British explorer and travel writer (1856–1933)

Captain Harry Willes Darell de Windt (9 April 1856 – 30 November 1933) was an explorer and travel writer. His books were published under the name of Harry de Windt.

==Early life==
Harry de Windt was born on 9 April 1856 in Paris. He was the son of Capt. Joseph Clayton Jennyns de Windt, of Blunsdon Hall, between Swindon and Highworth in Wiltshire, England, and Elizabeth Sarah Johnson. Among his siblings was sister Margaret Alice Lili de Windt, who married Charles Brooke.

He was admitted to Magdalene College, Cambridge in 1875, but did not take a degree, travelling with his brother-in-law.

==Career==
From 1876 to 1878, de Windt served as aide-de-camp to his brother-in-law, Charles Brooke, Rajah of Sarawak.

In April 1897, while attempting to travel by land from New York to Paris, he became seriously ill at Paris after enduring exposure and poor treatment at Tchuktchis, Bering Strait. In July 1902, he reached Dawson after traveling from Siberia on a river steamer with Viscount Desclinchams, Belgrade of Paris, George Harding (an English photographer), and Stephen Rastorguyef (a Russian from Yakutakat who "the Russian government insisted should accompany De Windt through the wilds of Siberia").

==Personal life==
On 18 July 1882 at St George's, Hanover Square in London, Harry married Frances Laura Arabella Long, sister of Walter Long, 1st Viscount Long. The couple had a daughter, Margaret, in 1884 and divorced in 1888. He married Hilda Frances E. Clark, who died, without issue, in 1924. Three years later he married the actress Charlotte Elizabeth Ihle, better known by her stage name Elaine Inescourt.

Harry died at Bournemouth on 30 November 1933.

==Works==
- On the equator (1882)
- From Pekin to Calais by land (1889)
- A ride to India across Persia and Baluchistan (1891)
- The New Siberia.

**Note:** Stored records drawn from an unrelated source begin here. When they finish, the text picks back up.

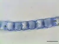 L’épiderme, frêle et mince, des tiges comprend généralement quatre épaisseurs, les deux couches extérieures présentant souvent de petits orifices. Le scléroderme est rougeâtre, brunâtre ou violet foncé. Les feuilles de la base, aplaties, lancéolées et anguleuses sont intimement liées au tronc de teinte carmin et ne présentent aucun tendinocyte.
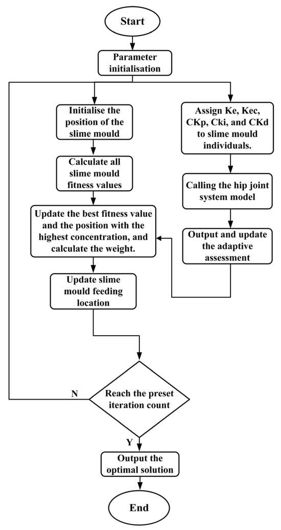 This study explored the optimization of parameter tuning for a fuzzy PID controller, utilizing the slime mould algorithm (SMA) within the MATLAB simulation environment. In accordance with the national standard GB/T 10000-2023 [25], titled “Human Body Dimensions for Adults in China”, this research established a biomechanical model to represent hip joint movement within the lower limbs. The specific parameters pertaining to the exoskeleton were defined as follows: the mass of the thigh was designated at 0.143 kg, the length of the lower limb link was set at 0.46 m, and the rotational inertia was calculated to be 0.01 kg·m2. Regarding the configuration of the simulation environment, a fixed-step solver was employed for numerical computations, with a step size established at 0.01 s to ensure computational accuracy. Gravitational acceleration was consistently standardized at 9.81 m/s2 to maintain uniformity across simulations. The population size for the slime mould algorithm was configured to 30, with a solution dimension of 5. Correspondingly, the population size for the particles in the particle swarm optimization (PSO) algorithm was also set to 30, maintaining the same solution dimension of 5. Subsequently, the joint simulation was executed in accordance with the flowchart presented in Figure 5.
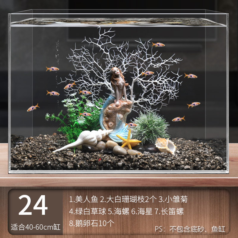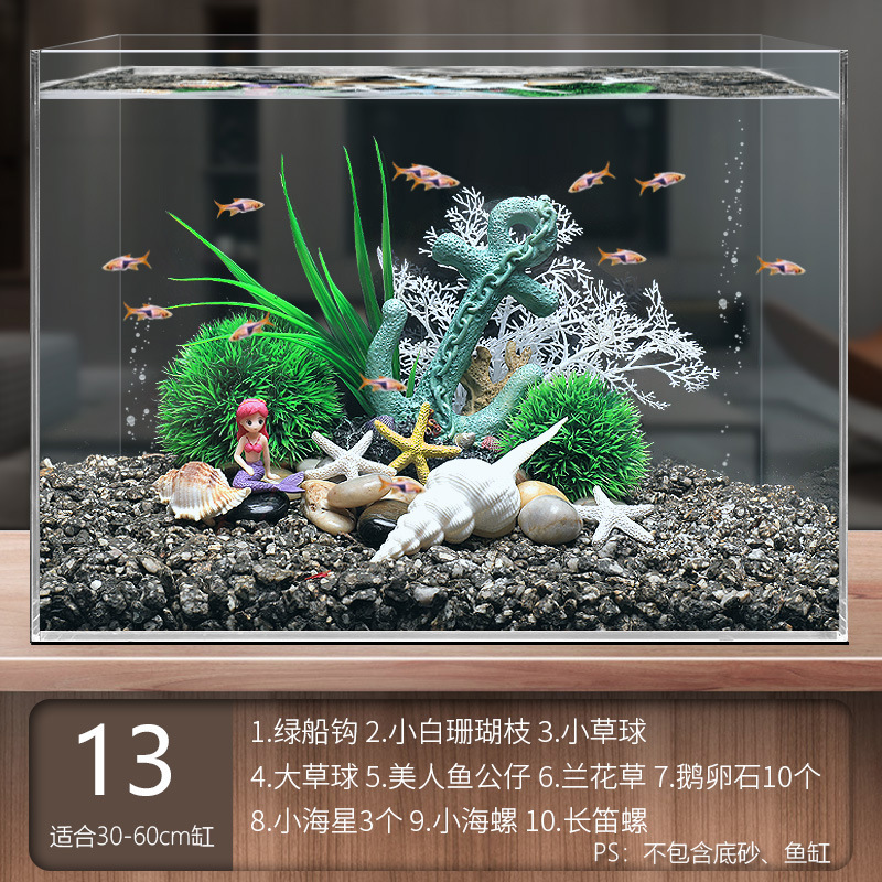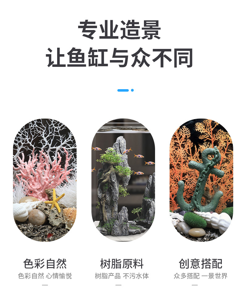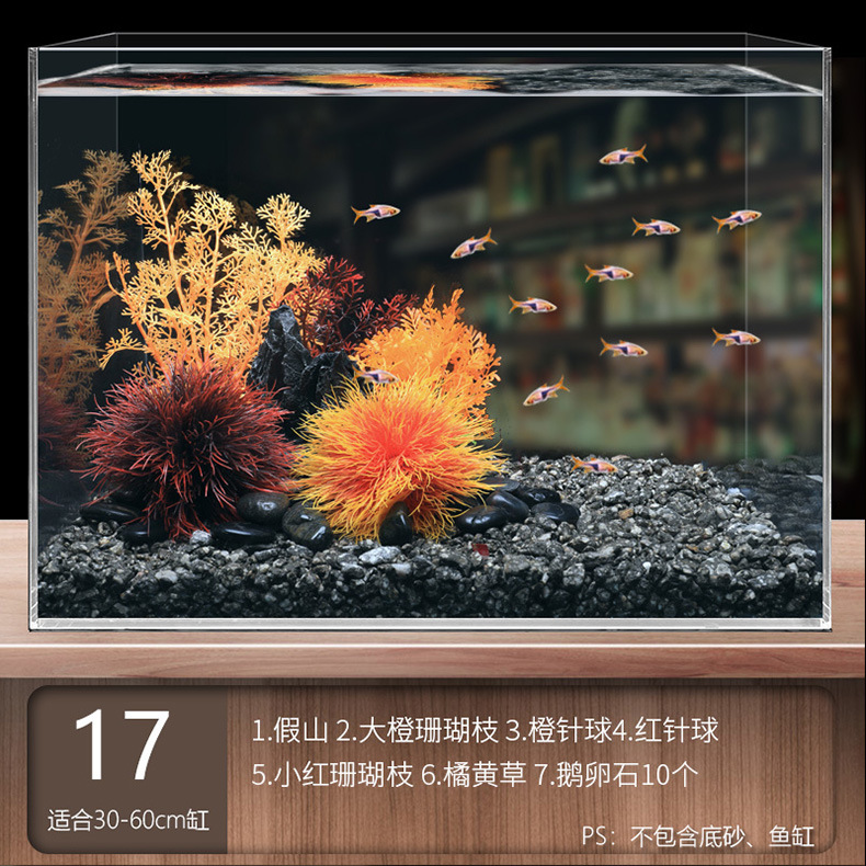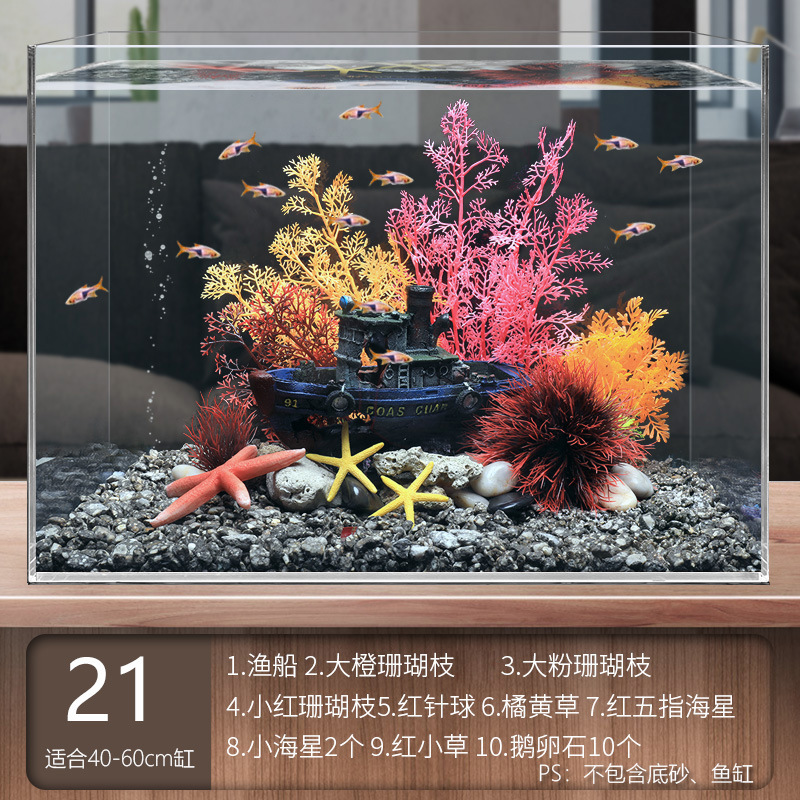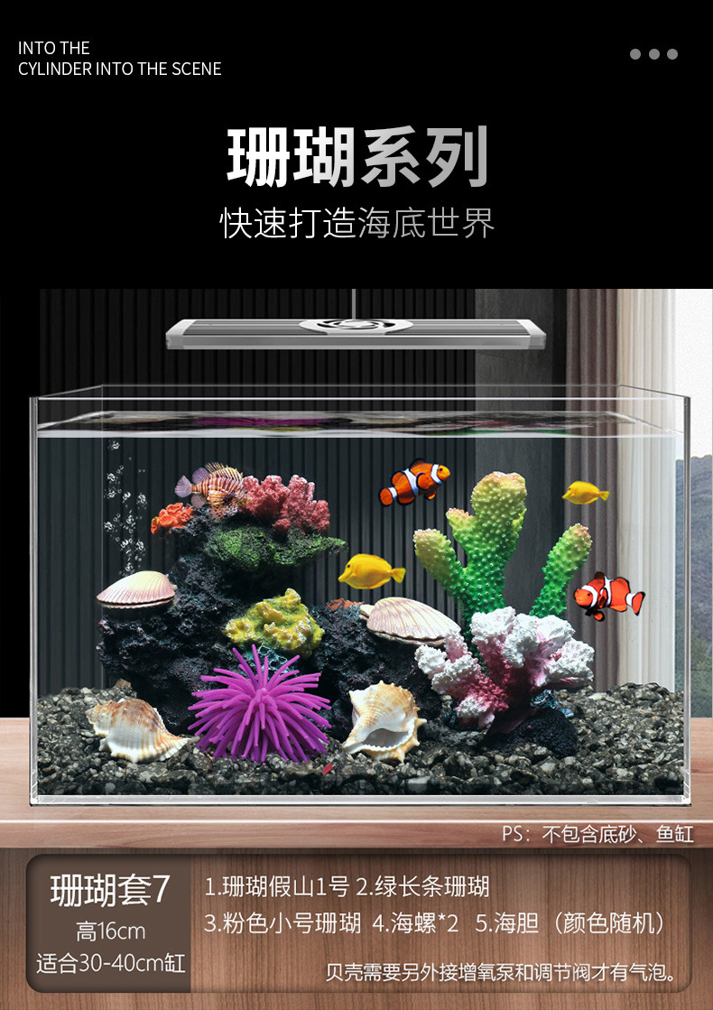 국경 간 수조 조경, 시뮬레이션 수생 식물, 가짜 암석 장식 작은 장식품 패키지, 수족관 바닥 모래 산호 장면의 전체 세트스토어 가기

London: Chapman and Hall. 1896.
- Through the gold-fields of Alaska to Bering Straits (1898)
- "True tales of travel and adventure" (1899)
- From Paris to New York by land (1903), 1904 2nd printing
- "Through Savage Europe; Being the Narrative of a Journey (undertaken as Special Correspondent of the Westminster Gazette), throughout the Balkan States and European Russia; With one hundred illustrations" (1907)
- "Moles and their Meaning" (1907)
- "My note-book at home and abroad" (1923)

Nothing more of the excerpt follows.